Use cases of message queues:
Any time consuming process can be placed in a queue:
- Sending/receiving data from a third-party APIs
- Sending an e-mail
- Generating reports
- Running labour intensive processes
You can also use queues in creative ways – locking jobs so only one user can access information at a time
There are many services that you can use to implement message queues, this article outlines differences between Beanstalkd, IronMQ and Amazon SQS.
Beanstalkd is "… a simple, fast work queue". It is released as open source under the MIT license. It's well documented, unit tested and can be downloaded for free to run on your own server. The architecture is borrowed from memcached and it is designed specifically to be a message queue.
An article on SitePoint by author Dave Kennedy called Giant Killing with Beanstalkd contains information on how to start using Beanstalkd with Ruby.
IronMQ is a hosted RESTful web service. There is a free tier for developers and many other subscription tiers for commercial applications.
Amazon SQS is an inexpensive hosted solution for implementing message queues. It comes as part of Amazon Web Services (AWS). Amazon offers a Free Tier for evaluating their web services which includes SQS.
|Self-hosted||Remotely hosted||Remotely hosted|
Runs on Linux and Mac OS X. Read the installation instructions from the Beanstalkd website for details on how to get it working on your system. The Beanstalkd server does not work on Windows.
IronMQ and SQS
IronMQ and Amazon SQS are cloud-based web services. No applications need to be setup on your server, you simply need to sign-up for an account and setup a queue.
Service Level Agreements (SLAs)
|None||99.95% per month||None|
As Beanstalkd is a server you host, you are responsible for ensuring its availability.
Iron.IO has a Service Level Agreement with an uptime percentage of at least 99.95% during any monthly billing cycle. Their Pro Platinum package ($2450/month) has custom contract terms which includes Service Level Agreements. They provide refunds in Service Credits.
Amazon does not have a specific Service Level Agreement for SQS. They do have Support Services available which can cover SQS at an extra cost.
|PUSH (sockets)||HTTP Web Service||HTTP Web Service|
Communicates via PUSH sockets providing instant communication between providers and workers.
When a provider enqueues a job, a worker can reserve it immediately if it is connected and ready. Jobs are reserved until a worker has sent a response (delete, bury, etc.)

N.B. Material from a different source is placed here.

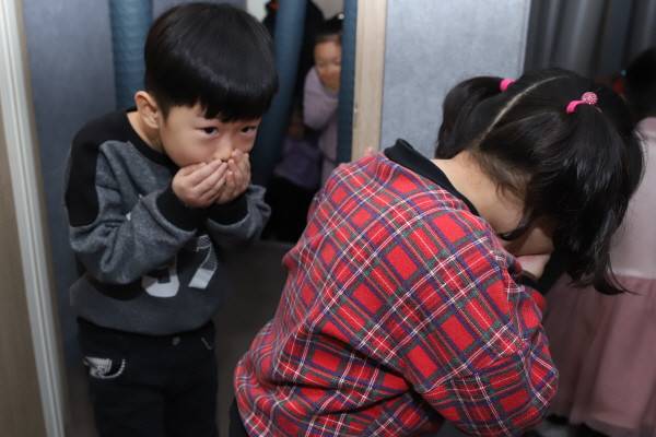 서울 도봉소방서는 최근 지역내 위치한 푸른나무어린이집 원아와 교사를 대상으로 소방안전교육을 실시했다. 이날 교육은 119신고 요령, 물소화기 체험, 화재대피 체험 등으로 진행됐다. 사진은 아이들이 화재대피 체험을 하는 모습. (사진제공=도봉소방서)

SQS is a hosted RESTful web service.
There is push-like support for IronMQ. A subscriber can be called whenever a provider enqueues a job to the queue. Generally you will want to use the standard RESTful service to enqueue and dequeue jobs instead of the push approach.
SQS is a hosted web service.
There is no push support for SQS. You must poll at regular intervals to check if there are jobs in the queue.
SQS can use long polling known as (default: 0 seconds, max: 20 seconds) to keep a connection open while the worker waits for a job. This can mean fewer requests and longer socket opening times.
There are many open source Beanstalkd client libraries available in a myriad of programming languages. These are all independent projects from Beanstalkd.
The IronMQ client libraries are provided by Iron.IO and can be downloaded from the Dev Center.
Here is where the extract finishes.